◆ Your instructions ◆
A faithful copy is needed of the lines below from the one with "Женский берет, классическая" up to and including the one with "Plaque en papier"; set it down with no pictures and no other lines.

[Dataset entries]
*-*-*
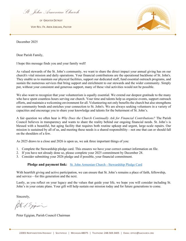 • Search and select St. John's Armenian Church; or search for our Organization Number QY207
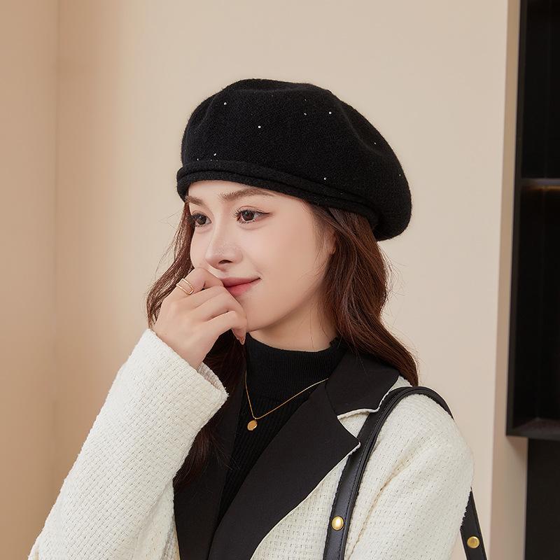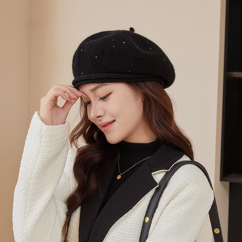 Женский берет, классическая французская шляпа - элегантный черный шерстяной берет для вечеринки, романтического французского тематического наряда
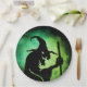 Plaque en papier avec une silhouette noire d'une sorcière ancienne qui agite un chaudron sur un arrière - plan noir et vert.
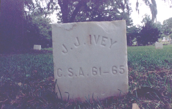 James Ivey was enrolled in the 10th Florida Infantry, Company E, at Sumterville on 14 September 1861 and died of disease at Tallahassee on 29 March 1862. Source: Hartman and Coles, Biographical Rosters of Florida's Confederate and Union Soldiers, 1861-1865, vol. III, p. 1047.
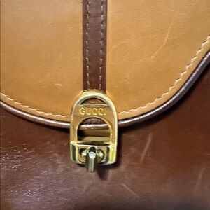 vintage Gucci handbag featuring a gold-toned knight crest pendant charm. Such a wonderful piece of fashion. This was my grandma’s purse. She took a lot of pride in it it does have imperfections, but still in great shape and great quality.
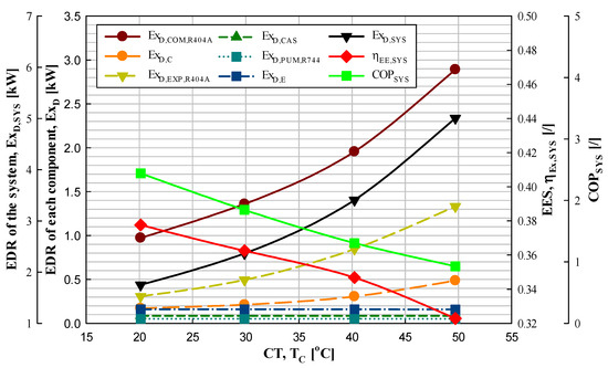 As the CT increased from 20.1 to 49.7 °C (in approximately 10 °C increments), the EDR of the system increased by 35–47%, whereas the EES decreased by 4–6.9%. The variation in the COP of the system was similar to that of the EES. The changes in the EDRs of the pump and evaporator in the R744 cycle were negligible because the MFR, ET, CT, DSP, and DSB of the cycle remained constant. The EDRs of the condenser, compressor, and EV in the R404A cycle increased by 39.8–47.8%, 23.9–56.3%, and 57.3–71.1%, respectively.
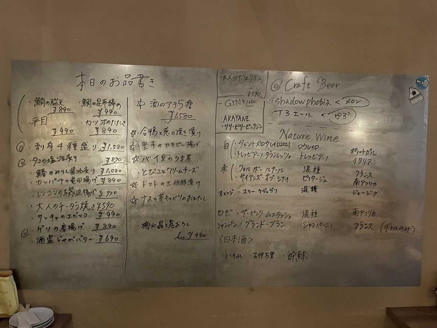日替わりメニュー。 店員さんが見やすいように自分のスマホにAirDropで送ってくれます。 ◎が付いているものがオススメメニューとのこと。 遊び心のあるものが沢山あって食材の組み合わせが面白くて見た目もオシャレです。
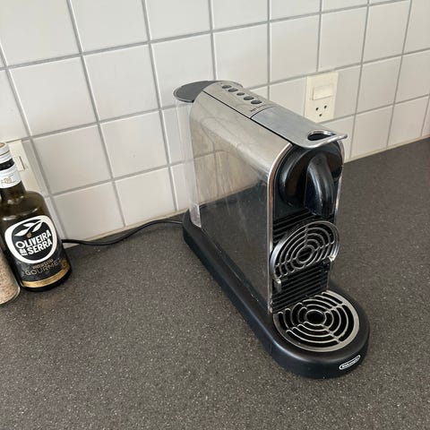 DeLonghi Nespresso maskine med alt tilbehør. Virker uden problemer, ofte afkalker med rigtig afkalker.
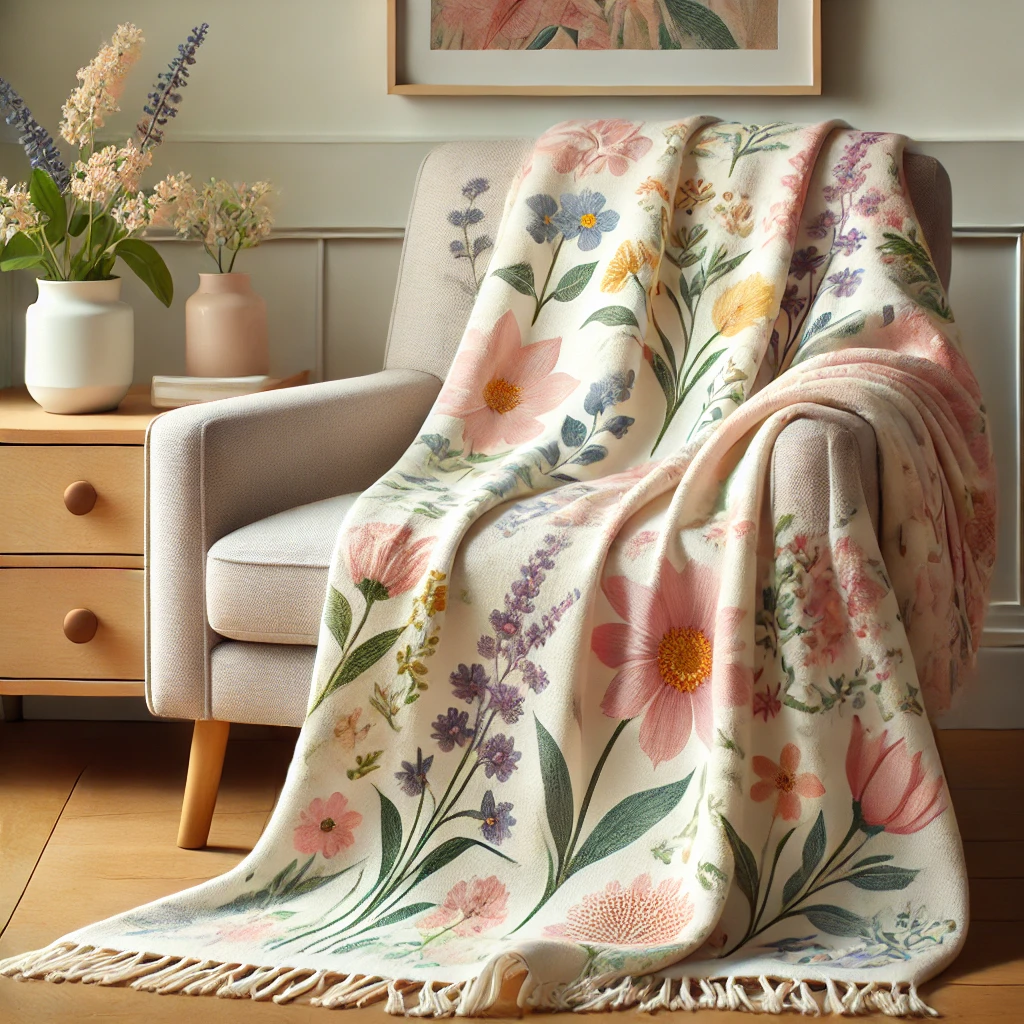 This floral-printed throw blanket draped over a cozy armchair showcases delicate spring flower patterns in pastel shades of pink, lavender, and yellow. Lightweight and soft, it adds warmth and charm to your living space while celebrating the season’s beauty.
*-*-*
◆ Written solution ◆
 Женский берет, классическая французская шляпа - элегантный черный шерстяной берет для вечеринки, романтического французского тематического наряда
 Plaque en papier avec une silhouette noire d'une sorcière ancienne qui agite un chaudron sur un arrière - plan noir et vert.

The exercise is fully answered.